【ADHD③】28歳男性

プロフィール

  • 治療期間:X年5月~X年6月の46日間
  • 主訴:不眠、刺激過敏、意欲変動が激しい
  • TMS治療の目的:抑うつ状態、不安の改善
  • TMS治療プロトコール:iTBS 3分600発(平日特別プラン)

これまでの経過

ADHDの診断を受け薬物療法(コンサータ)を開始し、その1年後に鍼灸・整体による治療も開始されました。

一定の効果があったため、半年程前から断薬していました。

しかし、主訴である「意欲の波」に関しては依然変わりなく、TMS治療を強く希望されて当院に来院されました。

TMS治療経過

ADHD③の心理検査の結果をご紹介します

※HAM-D・MADRSは医療スタッフが評価するうつ症状心理検査で、SDSは患者さん本人の自覚症状を評価するうつ症状心理検査

ADHDの特性そのものに対する効果は期待しにくいことを理解いただいた上で、情動の安定を目的としてTMS治療を開始ししました。

平日週5回、iTBSによる治療を行いました。

10回目終了時には、「調子良い、効果があると感じる。落ち込みにくくなってきた」と、副作用もなく抑うつ気分の改善傾向を認めました。

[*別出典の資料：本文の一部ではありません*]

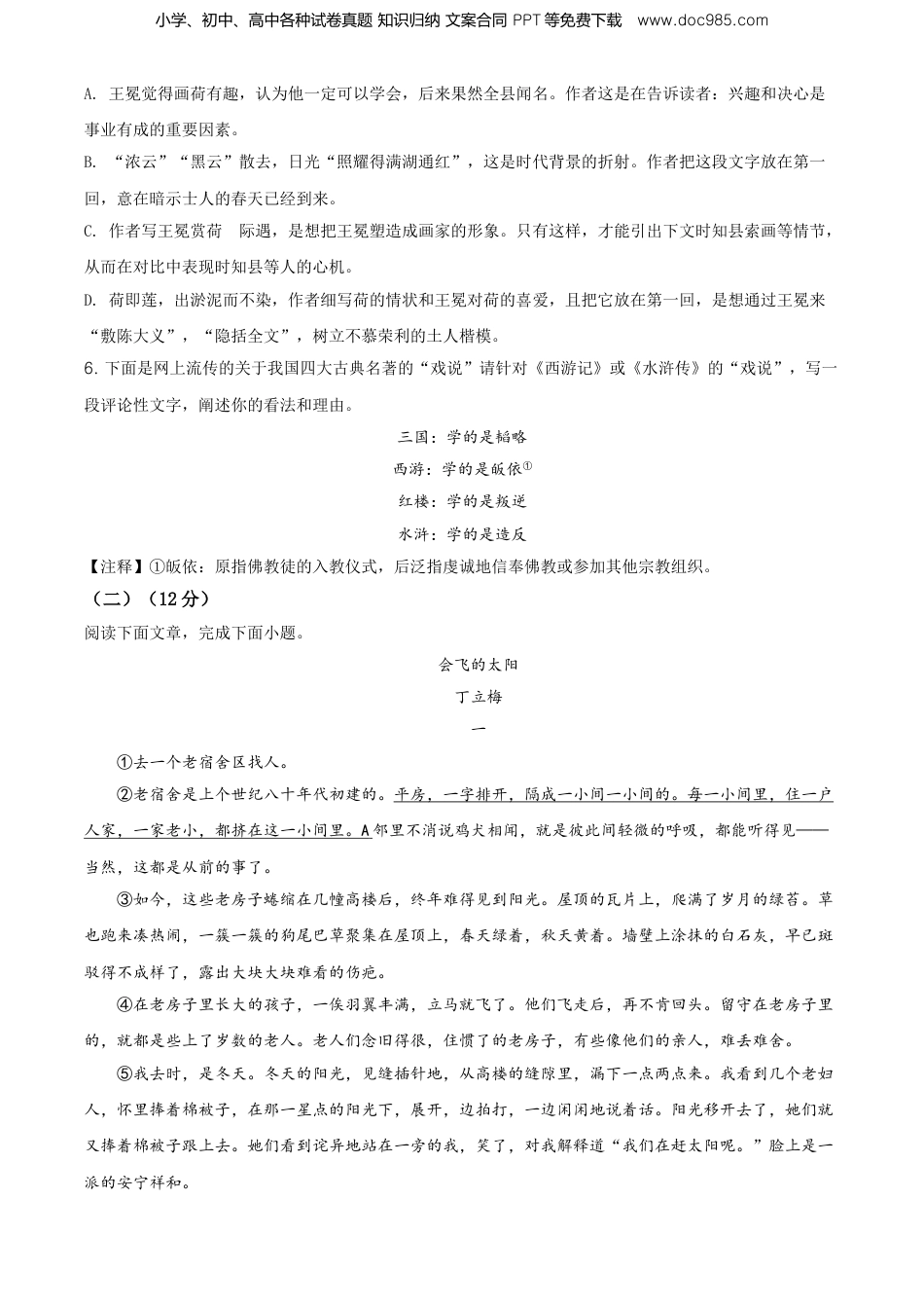 小学、初中、高中各种试卷真题知识归纳文案合同PPT等免费下载www.doc985.com浙江省2020年初中学业水平考试(湖州市)语文试题卷请考生注意:1.全卷分试题卷和答题卷。试题卷6页,共19题。全卷满分120分(含全卷书写4分)。考试时间120分钟。2.请用黑色墨水签字笔把答案写在答题卷相应位置上,做在试题卷上无效。作文不能另加附纸。温馨提示:请仔细审题,细心答题。相信你一定会有出色表现!1.读下面文字,完成题目。生命的酒杯,不可能总是chéng_____满可口的甘醴,苦酒也是成长的滋味。,显示不出水手的坚强;百转千回,才能百liàn______成钢。恰恰是在跌倒的时候,奋斗才能凸显其意义。“不能因现实复杂而放弃梦想,不能因理想遙远而放弃追求”,因为“历史只会春顾坚定者、奋进者、搏击者,而不会等待犹豫者、懈息者、畏难者”。用力活着,才有分量;向前奔跑,才能dǐ_____达。愿你青春灿烂,愿你前途光明。(选自《人民日报》)(1)根据拼音写出汉字。(2)根据语境,为空白处选择成语,最恰当的一项是()A.一意孤行B.一马平川C.一帆风顺2.古诗文中含情思。根据下表中的提示,写出最恰当的古诗文名句(连续的两句)。情思古诗文名句作者与出处纵使前路迷茫,我也相信未来。(1)________(2)________李白《行路难(其一)》远隔万水千山,我心伴你左右。(3)________(4)________王勃《送杜少府之任蜀州》此生宁愿孤独,我也绝不屈就。(5)________(6)________苏轼《卜算子·黄州定慧院寓居作》别说我在乎你,我心另有所系(7)________(8)_________欧阳修《醉翁亭记》3.疫情期间,一位同学线上学习《送东阳马生序》。请你和他一起完成下面的学习任务。小学、初中、高中各种试卷真题知识归纳文案合同PPT等免费下载www.doc985.com(1)学习时,他发现了文中“加冠”“耄老”等专门用来指代年龄或年龄段的词语,于是联想到下面的词语。请问,下面哪一项是不能归入这一类的?()A.始龀(《愚公移山》“始龀,跳往助之”)B.垂髫(《桃花源记》“黄发垂髫,并怡然自乐”)C.多髯(《核舟记》“中峨冠而多髯者为东坡”)(2)感佩之余,他觉得下面这副对联能概括宋濂其人,但他区分不出上下联。你认为上联和下联分别是哪一句?(填字母)A.厚实养德世称贤B.勤艰求学书为上提示1对联要求平仄相谐……一般不要求字字相反,但上、下联尾字(联脚)平仄应相反,并且上联为仄,下联为平。(摘自《语文作业本》)提示2:从上下联关系看,对联可分为正对反对和串对……串对,下联的内容往往是紧承上联而发的。(摘自《名联鉴赏辞典》)二、阅读(50分)(一)名著阅读(8分)4.名著推广活动中,一位同学为下面四部名著设计了演讲主题,不恰当的一项是()A.《昆虫记》:拥有和自己斗争的勇气,才能登上艺术的顶峰。B.《简·爱》:你总要熬过一些苦难,方能尘埃落定,静待花开。C.《红星照耀中国》:你的热爱有多浓烈,你的祖国就有多美丽。D.《海底两万里》:即使是普通的冒险,也伴随着对科学的关注。5.结合《儒林外史》整本书来看,下面哪项最可能是吴敬梓写这段文字的用意?()王冕放羊倦了,在绿草地上坐着。须臾,浓云密布,一阵大雨过了。那黑云边上镶着白云,渐渐散去,透出一派日光来,照耀得满湖通红。湖边山上,青一块,绿一块,紫一块,树枝上都像水洗过一番的,尤其绿得可爱。湖里有十来枝荷花,苞子上清水滴滴,蕉叶上水珠滚来滚去,王冕看了一回,心里想道:“古人说:人在图画中’其实不错可我这里没有个画工,把这荷花画他几枝,也觉有趣!”又心里想道:“天下那有个学不会的事,我何不自画他几枝?”(选自《儒林外史》第一回《说楔子敷陈大义借名流隐括全文》小学、初中、高中各种试卷真题知识归纳文案合同PPT等免费下载www.doc985.comA.王冕觉得画荷有趣,认为他一定可以学会,后来果然全县闻名。作者这是在告诉读者:兴趣和决心是事业有成的重要因素。B.“浓云”“黑云”散去,日光“照耀得满湖通红”,这是时代背景的折射。作者把这段文字放在第一回,意在暗示士人的春天已经到来。C.作者写王冕赏荷的际遇,是想把王冕塑造成画家的形象。只有这样,...
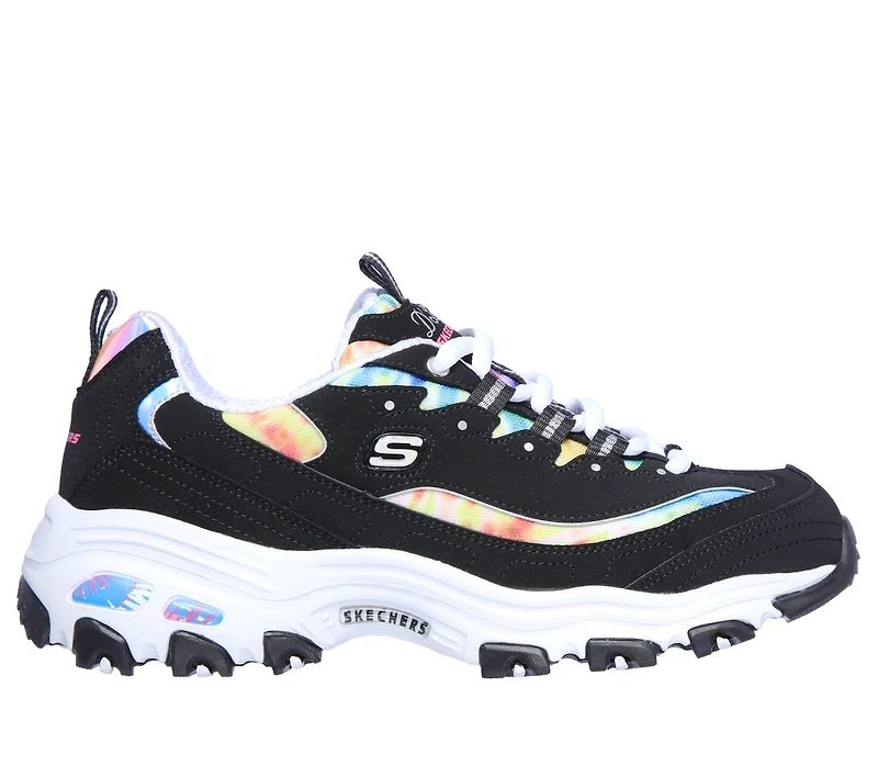 Add a little bit of groovy tie-dye color to a classic sporty look with the SKECHERS D'Lites - Summer Fiesta shoe. Smooth nubuck leather and multi color tie-dye print mesh fabric in a lace up sporty training sneaker design with stitching and overlay accents. Air Cooled Memory Foam insole.
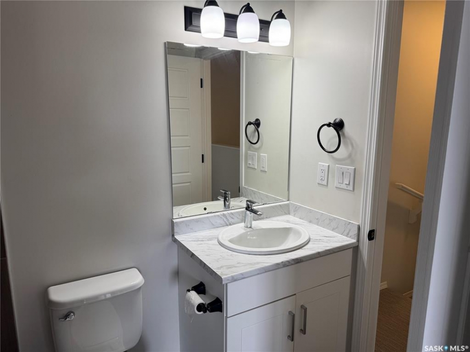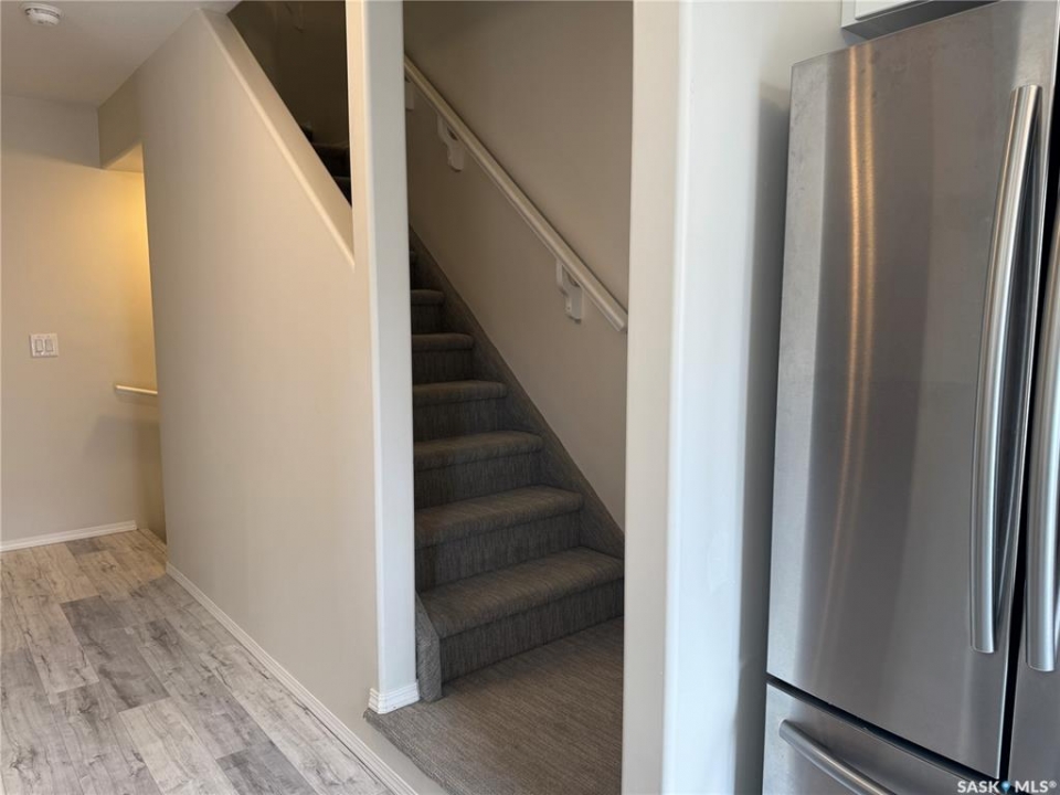 Welcome to effortless living in the sought-after gated community of Little Tuscany in Stonebridge! This stylish, move-in ready townhouse style condo offers a smart, multi-level layout designed for comfort and convenience. The ground floor welcomes you with direct access from the attached single garage, along with a spacious laundry area that provides plenty of extra storage. Upstairs, the main living space is bright, open, and perfect for entertaining. The kitchen shines with crisp white cabinetry, stainless steel appliances, a functional eat-up bar, and easy access to your private balcony—ideal for morning coffee or evening unwinding. The dining area and family room are flooded with natural light and offer plenty of space to host family and friends, while a convenient powder room completes the level. The top floor is your private retreat, featuring two bedrooms including a generous primary with a walk-in closet and direct access to the full bathroom, complete with a relaxing jetted tub. Additional highlights include central air conditioning and central vacuum for added comfort and ease. Set within a well-maintained, gated community offering a clubhouse, fitness room, and sports court, and just minutes from schools, shopping, and all Stonebridge amenities with quick access to Circle Drive—this is low-maintenance living at its best. Don't miss your opportunity—book your showing today!

20回目終了時には、「10回目の時よりも良いと思う。睡眠も深くなってきた」と、10回目の時より効果を実感されていました。

30回目終了時には、「不安も落ち込みも減った。昔の嫌なことも思い出さなくなった。」と、主訴の改善が見られました。

30回終了後は、維持療法とブースター療法を検討いただき、不調時にブースター療法を行う方針で様子をみていくことになりました。

症例のまとめ

間隔を空けず30回通ってもらうことで、3分(600発)のiTBSでもしっかりと効果が認められています。

二次性のうつ状態に対しては、TMS治療の効果を期待することができます。

もともとの発達特性が弱い方の方がTMS治療の反応は良い印象で、コンサータを中断しても社会適応ができていた方でしたので、TMS治療も効果が期待しやすかったのだと思われます。